FUZZINESS AS MULTIVALENCE: -

Fuzzy theory holds that things are matters of degree. It mechanizes much of our “folk psychology”. Fuzzy theory also reduces black-white logic and mathematics to special limiting cases of gray relationships. Along the way it violates black-white “laws of logic”, in particular the law of noncontradiction not- (A and not-A) and the law of excluded middle either A or not-A, and yet resolves the paradoxes or antinomies [Kline, 1980] that these laws generate. Dose the speaker tell the truth when he says he lies? Is set A a member of itself if A equals the set of all sets that are not members of themselves? Fuzziness also provides a fresh, and deterministic, interpretation of probability and randomness.

Mathematically fuzziness means multivaluedness or multivalence and stems from the Heisenberg position-momentum uncertainty principles in quantum mechanics. Three-valued fuzziness corresponds to truth, falsehood, and indeterminacy, or to presence, absence, and ambiguity. Multivalued fuzziness corresponds to degrees of indeterminacy or ambiguity, partial occurrence of events or relations.

Bivalent paradoxes as fuzzy midpoints

Consider the bivalent paradoxes again. A California bumpersticker reads TRUST ME. Suppose instead a bumpersticker reads DON’T TRUST ME. Should we trust the driver? if we do, then, as the bumpersticker instructs, we do not. But if we don’t trust the driver, then, again in accord with the bumpersticker, we do trust the driver. The classical liar paradox has the same form. Does the liar from Crete lie when he says that all Cretans are liars? If he lies, he tells the truth.
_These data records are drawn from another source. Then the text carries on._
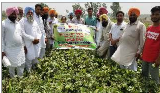
Field Day on Summer Moong at Ferozpur

climate variability on farmers' fields and make the Indian agriculture climate resilient. In Zone-I, 13 most vulnerable districts which are covered under Technology Demonstration Component (TDC) of NICRA are namely, Bathinda, Faridkot, Fatehgarh Sahib, Ropar, Hamirpur, Kinnaur, Kullu, Chamba, Kathua, Pulwama, Bandipora, Tehri garhwal and Uttarkashi.
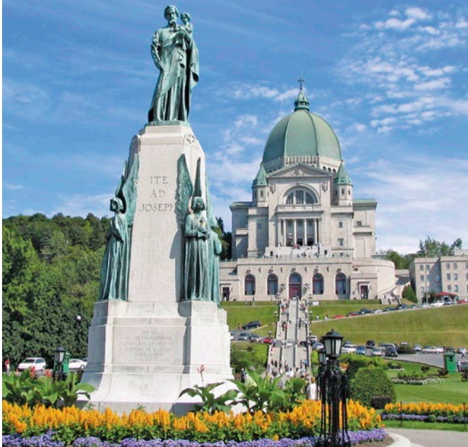
St. Joseph's Oratory, Montreal
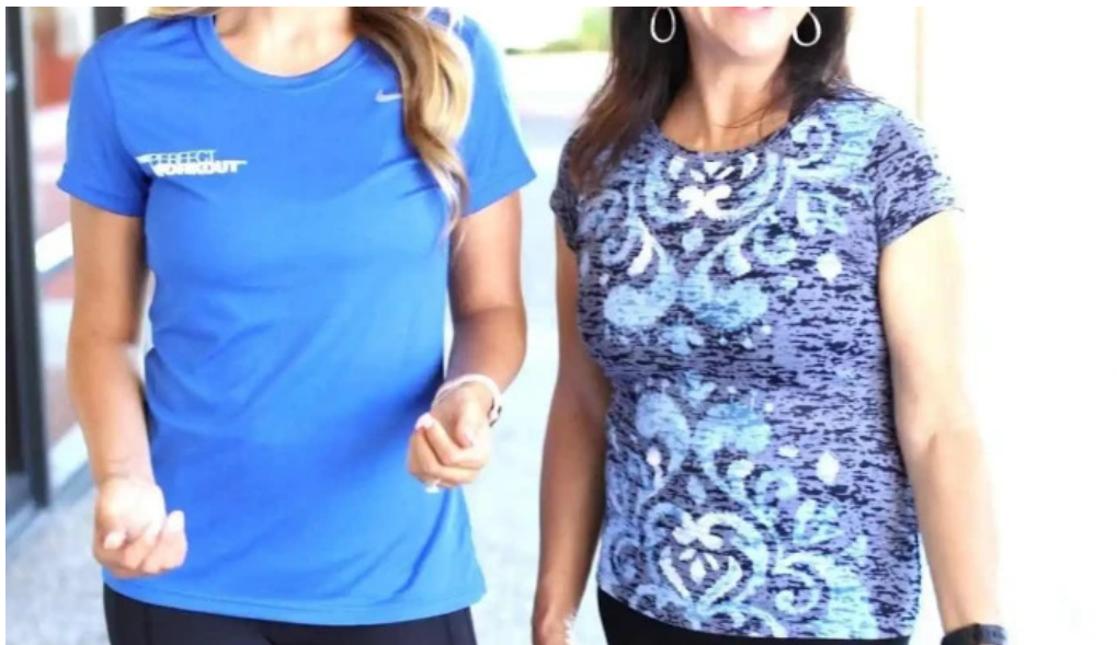
The perfect workout physical fitness

If he tells the truth, he lies. Russell’s barber is a man in a town whose advertises his services with the logo “I shave all, and only, those men who don’t shave themselves.” Who shaves the barber? If he shaves himself, then according to his logo he does not. If he does not, then according to his logo he does. Consider the card that says on one side “The sentence on the other side is true,” and says on the other side “The sentence on the other side is false.”
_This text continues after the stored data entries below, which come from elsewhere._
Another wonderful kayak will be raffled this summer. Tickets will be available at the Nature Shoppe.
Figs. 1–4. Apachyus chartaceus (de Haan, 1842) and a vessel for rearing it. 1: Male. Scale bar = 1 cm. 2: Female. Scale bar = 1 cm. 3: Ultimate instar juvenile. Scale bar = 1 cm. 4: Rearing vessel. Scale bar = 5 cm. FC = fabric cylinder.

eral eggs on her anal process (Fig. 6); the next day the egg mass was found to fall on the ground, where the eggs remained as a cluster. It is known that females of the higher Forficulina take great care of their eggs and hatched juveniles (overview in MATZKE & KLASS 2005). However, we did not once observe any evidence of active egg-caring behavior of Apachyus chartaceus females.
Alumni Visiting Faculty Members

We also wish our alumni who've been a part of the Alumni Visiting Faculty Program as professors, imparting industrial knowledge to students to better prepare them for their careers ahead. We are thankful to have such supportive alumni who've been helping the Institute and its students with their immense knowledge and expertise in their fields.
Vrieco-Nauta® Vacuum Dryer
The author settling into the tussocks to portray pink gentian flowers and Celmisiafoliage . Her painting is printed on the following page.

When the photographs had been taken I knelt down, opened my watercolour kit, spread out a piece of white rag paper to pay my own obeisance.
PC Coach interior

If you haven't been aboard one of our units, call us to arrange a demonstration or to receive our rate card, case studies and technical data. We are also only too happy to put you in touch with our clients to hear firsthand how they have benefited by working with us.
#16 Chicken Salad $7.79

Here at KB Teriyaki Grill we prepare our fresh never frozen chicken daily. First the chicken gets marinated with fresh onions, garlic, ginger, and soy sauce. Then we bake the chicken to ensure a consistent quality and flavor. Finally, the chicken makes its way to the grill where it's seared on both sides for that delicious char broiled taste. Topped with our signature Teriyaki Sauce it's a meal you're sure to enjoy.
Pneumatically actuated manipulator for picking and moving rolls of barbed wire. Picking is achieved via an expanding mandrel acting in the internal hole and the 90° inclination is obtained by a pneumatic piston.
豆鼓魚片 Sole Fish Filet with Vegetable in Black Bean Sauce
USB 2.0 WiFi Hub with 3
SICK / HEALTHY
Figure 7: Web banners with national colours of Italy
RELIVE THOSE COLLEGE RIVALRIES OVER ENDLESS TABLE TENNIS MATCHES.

The “paradoxes” have the same form. A statement s and its negation not-s have the same truth-value t(s):

t (s) = t (not-s) (1)

The two statements are both TRUE (1) or both FALSE (0). This violates the laws of noncontradiction and excluded middle. For bivalent truth tables it is reminded that negation reverses truth-value:

t (not-s) = 1 - t (s)

So (1) reduces to

t (s) = 1 – t (s)

If S is true, t (S)=1 and t (not S)=0, then 1=0. If t (S)=0 it also implies the contradiction 1=0.
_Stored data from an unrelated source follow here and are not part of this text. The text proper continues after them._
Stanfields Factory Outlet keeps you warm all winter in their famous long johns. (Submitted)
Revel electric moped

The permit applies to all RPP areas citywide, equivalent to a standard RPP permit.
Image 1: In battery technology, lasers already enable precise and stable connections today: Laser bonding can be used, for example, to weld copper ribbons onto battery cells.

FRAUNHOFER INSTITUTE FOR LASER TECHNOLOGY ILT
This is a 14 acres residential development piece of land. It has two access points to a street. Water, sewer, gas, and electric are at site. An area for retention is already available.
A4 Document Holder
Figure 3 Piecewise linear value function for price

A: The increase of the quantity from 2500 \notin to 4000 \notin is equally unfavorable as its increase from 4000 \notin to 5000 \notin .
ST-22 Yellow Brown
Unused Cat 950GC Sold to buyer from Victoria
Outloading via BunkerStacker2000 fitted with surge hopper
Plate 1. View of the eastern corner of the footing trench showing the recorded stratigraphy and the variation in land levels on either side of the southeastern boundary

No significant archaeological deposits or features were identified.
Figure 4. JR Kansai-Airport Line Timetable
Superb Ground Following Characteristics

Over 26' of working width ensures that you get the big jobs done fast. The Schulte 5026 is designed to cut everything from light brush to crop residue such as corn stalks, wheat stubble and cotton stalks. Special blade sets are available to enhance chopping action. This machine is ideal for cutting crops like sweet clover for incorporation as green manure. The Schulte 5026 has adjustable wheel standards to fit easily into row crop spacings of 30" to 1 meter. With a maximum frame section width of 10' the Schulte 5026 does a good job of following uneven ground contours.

The fuzzy or multivalued interpretation accepts the logical relation (1-3) and, instead of insisting that t (S)=0 or t (S)=1, simply solves for t (S) in (1-3):

2t(S) = 1 (1-4)

Or

t (S) =1/2 (1-5)

So the “paradoxes” reduce to literal half-truths. They represent in the extreme the uncertainty inherent in every empirical statement and in many mathematical statements. Geometrically, the fuzzy approach places the paradoxes at the midpoint of the one-dimensional unit hypercube [0,1]. More general paradoxes reside at the midpoint of n-dimensional hypercubes, the unique point equidistant to all 2^n vertices.

Multivaluedness also resolves the classical sorites paradoxes. Consider a heap of sand. Is it still a heap if we remove one grain of sand? How about two grains? Three? If we argue bivalently by induction, we eventually remove all grains and still conclude that a heap remains, or that it has suddenly vanished. No single grain takes us from a heap to no heap. The same holds if we pluck out hairs from a nonbald scalp or remove 5%, 10%, or more of the molecules from a table or brain. We transition gradually, not abruptly, from a thing to its opposite. Physically we experience degrees of occurrence. In terms of statements about the physical processes, we arrive again at degrees of truth.

Suppose there are n grains of sand in the heap. Removing one grain leaves n-1 grains and a truth-value t (S n - 1) of the statement S n – 1 and implies n-1 sand grains are heap. In general the truth-value t (S n - 1) obeys t (S n-1) <1. t (S n-1) may be close to unity, but we have some nonzero doubt d n-1 about the truth of the matter. (The argument still holds if there exist no doubting creatures in the universe.) For instance

t (S n ) = 1 - d n (1-6)

Where 0<=d n <=d n-1 <=…. <=d n-m <=…<=1. So t (S n-m) approaches zero as m increases to n. If we argue inductively, we can interpret the overall inference as the forward chain “( If S n , then S n-1 and (If S n-1, then S n-2 and…. and (If S1, then S0)”.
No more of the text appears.